As if I had a choice.

"Your men didn't make it sound optional."

"It wasn't." He moves away from the window, and I track him the way you'd track any predator—constant awareness, every muscle tensed for flight that won't come. He crosses to the bar cart. "Drink?"

"No."

"Suit yourself." He pours himself something amber. Whiskey, probably. The crystal decanter catches the light as he lifts it. His movements are precise, economical. Nothing wasted. "Do you know why you're here?"

My brother sold me to you for his gambling debt. You came to inspect the merchandise earlier tonight. Now you're ready to collect.

"I have an idea."

"Tell me."

It's not a request. Nothing about this man is a request.

"My brother owes money he can't pay. You've offered to make that problem go away. In exchange—" The words stick in my throat. I force them out. "In exchange, you want me. For a night."

He takes a sip of whiskey. Watches me over the rim of the glass with those frozen eyes.

"Is that what he told you?"

Something cold crawls down my spine. "That's what your man told him."

"Mm." He sets the glass down. Moves toward me with that same deliberate grace, each step closing the distance between us, and I have to fight not to retreat. "Your brother told you he owed money to the Moreno family, yes?"

"Yes."

"Did he tell you what he offered them when he couldn't pay?"

My heart is pounding.

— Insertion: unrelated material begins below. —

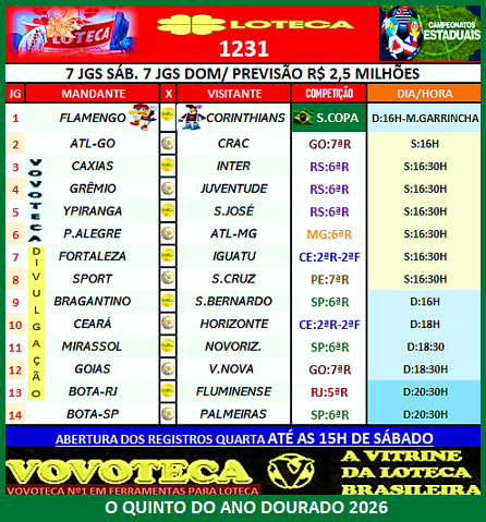 ME PARECE QUE VAMOS TER A LOTECA DA COPINHA DE SÃO PAULO: DIAS 03 E 04 DE JANEIRO TEREMOS JOGOS SENSACIONAIS. É ASSIM QUE DEVE SER: LOTECA ANIMADA E BOLA FRENTE

Too fast. Too loud. He can probably hear it. "He said—your people approached him. With a deal."

"My people approached him after." Sebastian stops. Close enough now that I can smell him—that expensive cologne, sandalwood and smoke, and underneath it something warmer. Skin. "After he'd already made the Morenos a different offer. Do you know what that offer was, Miss Henderson?"

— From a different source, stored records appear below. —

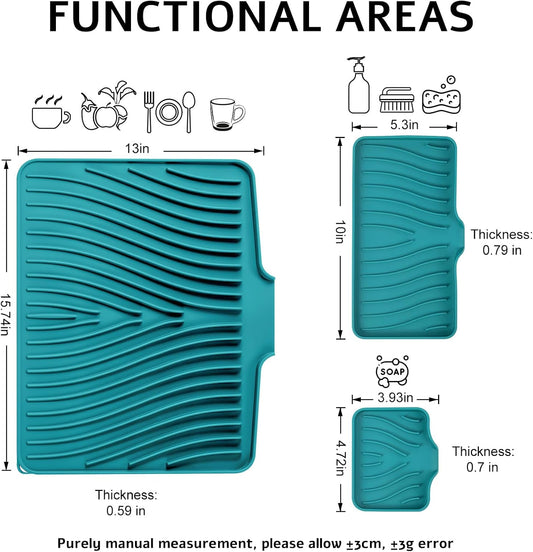 Silicone Dish Drying Mat for Kitchen Counter, Dish Drying Pad, Non-Slip Drain Pad with Built-in Drain, Heat Resistant Stone Drying Mat, 3 pcs (Mint)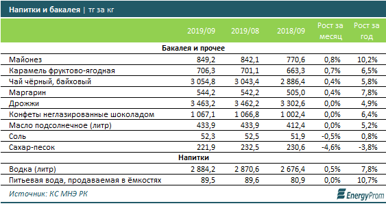 Напитки и бакалейные товары не показали роста цен более 1%. Сахар, к примеру, напротив, подешевел сразу на 4,6% за месяц.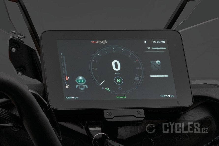 Velký 7" barevný TFT displej zobrazuje velké množství informací, a nově navíc také tlak a teplotu v pneumatikách díky senzorům, které má tento motocykl v kolech. TFT panel je skvěle čitelný za jakéhokoliv počasí, protože je vybaven automatickým nastavením jasu a má též denní a noční režim. Kromě toho má schopnost propojit se s mobilním telefonem jezdce, s možností zobrazení navigace, která zobrazuje i aktuální provoz, nebo také umožňuje zrcadlit obrazovku Vašeho mobilního telefonu. Dále přístrojový panelu umožňuje spravovat a prohlížet si příchozí hovory. Pod panelem je také USB port pro nabíjení Vašich elektronických zařízení.

I don't answer. I don't have to. The shape of it is already forming, the horrible truth taking form in the space between us.

"You." The word lands like a blade. "He offered you to Carlo Moreno. A gift. Payment in flesh for a debt in cash."

The floor drops out from under me.

Bennett. My brother. The kid I raised, protected, sacrificed everything for.

He didn't offer me to Sebastian York because some man in a suit suggested it.

He offered me to the Morenos first. To Carlo Moreno, who's rumored to pass women around like party favors.

Who's rumored to leave them broken when he's done.

"I intercepted the offer." Sebastian's voice is calm.

Clinical. Like he's discussing stock prices.

"Outbid it, if you will. The Morenos owed me a favor.

I called it in. Your brother's debt is now my debt.

And you—" Those blue eyes track down my body, slow and assessing.

"You're now my payment instead of theirs. "

"My brother?—"

"Is a coward and an addict who would have let Carlo Moreno destroy you to save his own worthless skin." Something flickers in Sebastian's expression—contempt, maybe, or something colder. "I'm offering you a different option."

I'm shaking. It starts in my hands and spreads outward, tremors I can't control. Bennett. Bennett. He was going to let Carlo Moreno have me. He was going to?—

I force myself to breathe. Force the walls back up.

"So what—I'm supposed to be grateful?" The words come out harder than I expected. Angrier. "You're my knight in shining armor? You saved me from the big bad Morenos, and now I should fall at your feet?"

"I'm not a knight." He looks almost amused. Almost. "And I didn't save you out of the goodness of my heart."

"Then why?"

"Because I saw something I wanted." Simple. Direct. Like it's the most obvious thing in the world. "And I have the resources to take it."